Thu Jul 17 19:32:54 BST 2014

On 17/07/14 17:36, Alex Burr wrote:
> Records do not correspond to packets or tcp sessions, they correspond to 'an entire connectivity session' (I'm not familiar enough of mobile phone protocols to identify that) which are apparently 'closed' due to, for example a time out, which can happen after 5 minutes of inactivity. So it is plausible that a poll every 10 minutes by an email client could cause a comprehensive location record for a UK user, as in the Spitze case. But I don't have evidence of whether this typical.

I know nothing about how the UK operators are set up, but I know a
little about billing in mobile networks in general.

For those operators who retain location for data use, they almost
certainly take it from the "CDR" (call detail record) which is the
notification sent to the billing system about any (potentially)
chargeable event.  That is consistent with the description you reproduced.

For voice calls, the CDR is normally only generated at the end of the
call (except for very long-lived calls -- most networks will generate a
CDR after 24 hours if the call is still going).

For data, there is no standardisation, and the situation changes as more
equipment gets put into the network.  In general, for data, many network
elements may generate CDRs for the same data session and it is up to the
network which ones they actually use or record.

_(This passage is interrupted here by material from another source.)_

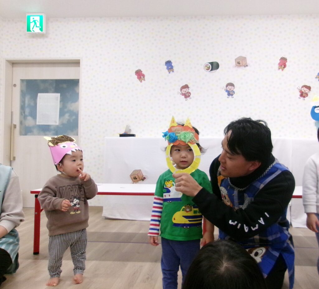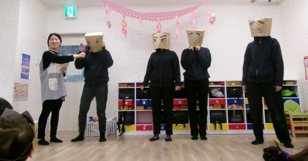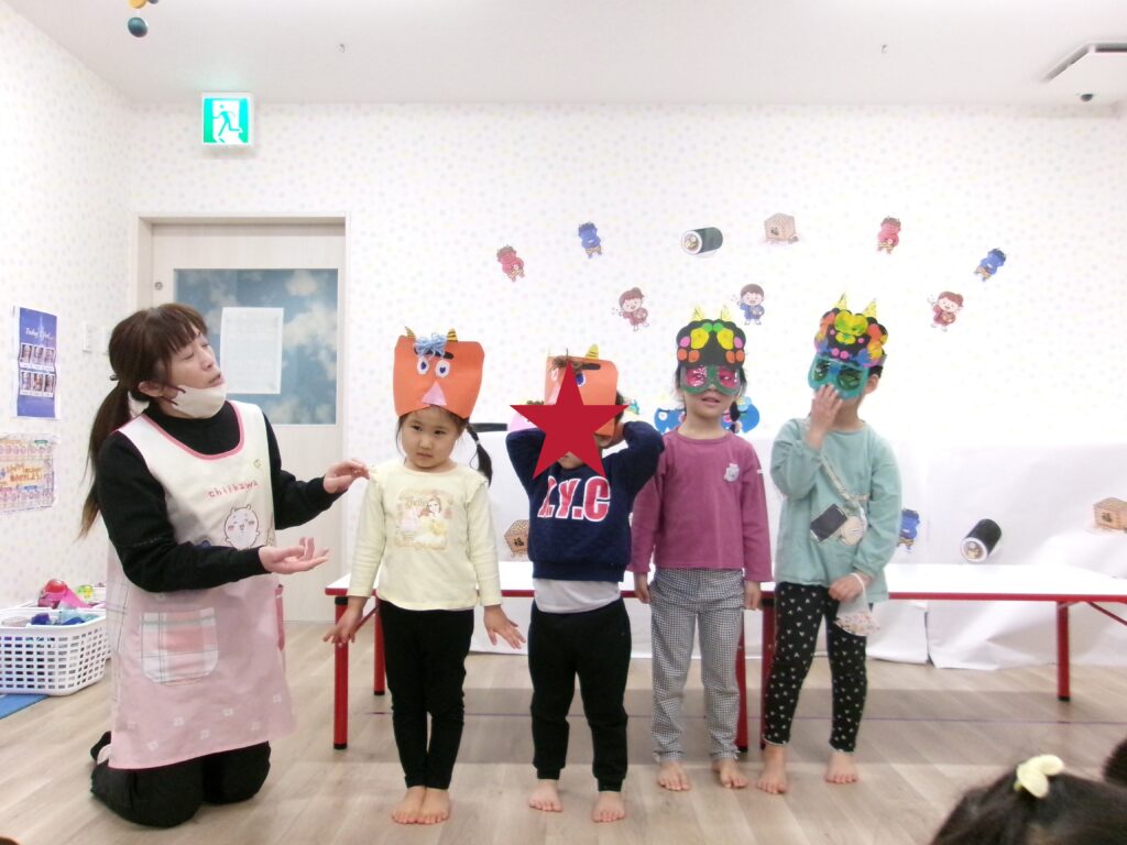 制作した鬼のお面や帽子を披露した後は鬼の登場👹
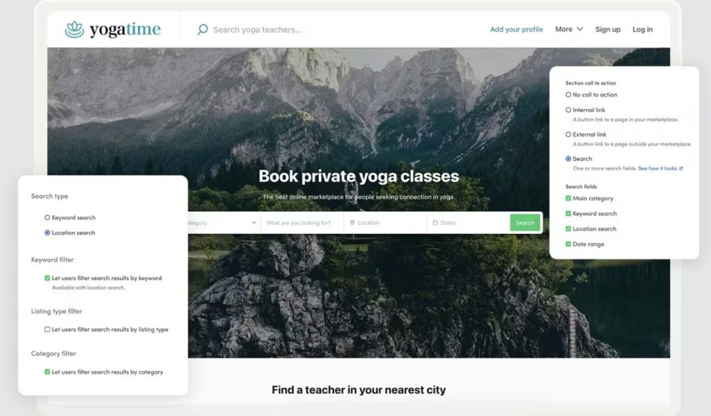 Categories and subcategories help you organize your platform into clear service areas. Listing fields allow providers to specify important details—experience, certifications, pricing, service types—which customers can filter through. Search settings enable keyword search, location-based search, price filters, and availability filters. You can even add a search bar to your landing page, guiding customers directly into browsing from the moment they arrive.

A simplified discussion (the details are different for 2G, 3G, 4G as
well as for different networks)... It is almost certain a CDR will be
generated when an IP "connectivity session" is disconnected.  However,
the connection being talked about here, is the connection between the
phone and some router (more than just a router, but basically a router),
at a lower level than IP.  That is normally either because the phone
drops off the network or the phone decides it doesn't think it needs to
send/receive any more data for a while.  It is not necessarily related
to any TCP connections, although in simple cases it often is.  CDRs for
data may also be generated when a phone moves (most often when it moves
out of a Location Area, which is a group of cell sites).  It is quite
likely (depending on many things in the phone and network configuration)
that a CDR will be generated after each of the mail polling sessions, in
your example.

As networks get more sophisticated, much more CDR processing is
occurring.  For example, it is very common to combine CDRs that relate
to the same user at a low level in the network to save on
storage/processing.  So, the several CDRs from your email polling may
get combined back into one CDR before it gets to be "retained" (or it
might be after it is retained -- up to the Billing architect).

Also, equipment like policy enforcement can generate more detailed CDRs
including the protocols used (and other information like web pages
accessed, if it includes deep packet inspection, which many do).  Those
CDRs typically do align with TCP sessions (although not always), but
they may or may not include information like location.  And they may or
may not go into the "retention" database.

Bottom line: even if the authors of that document understood correctly
how it is handled for each of the UK networks at the time they asked, it
has probably changed several times since!

Note that this assumes the data is taken from (some of the) CDRs.  That
is the most likely for the bulk retention.  However, to track location
at all times requires a completely different process, fairly expensive
in network resources, so it is probably only available if served with a
specific request (and with a price attached).

Graham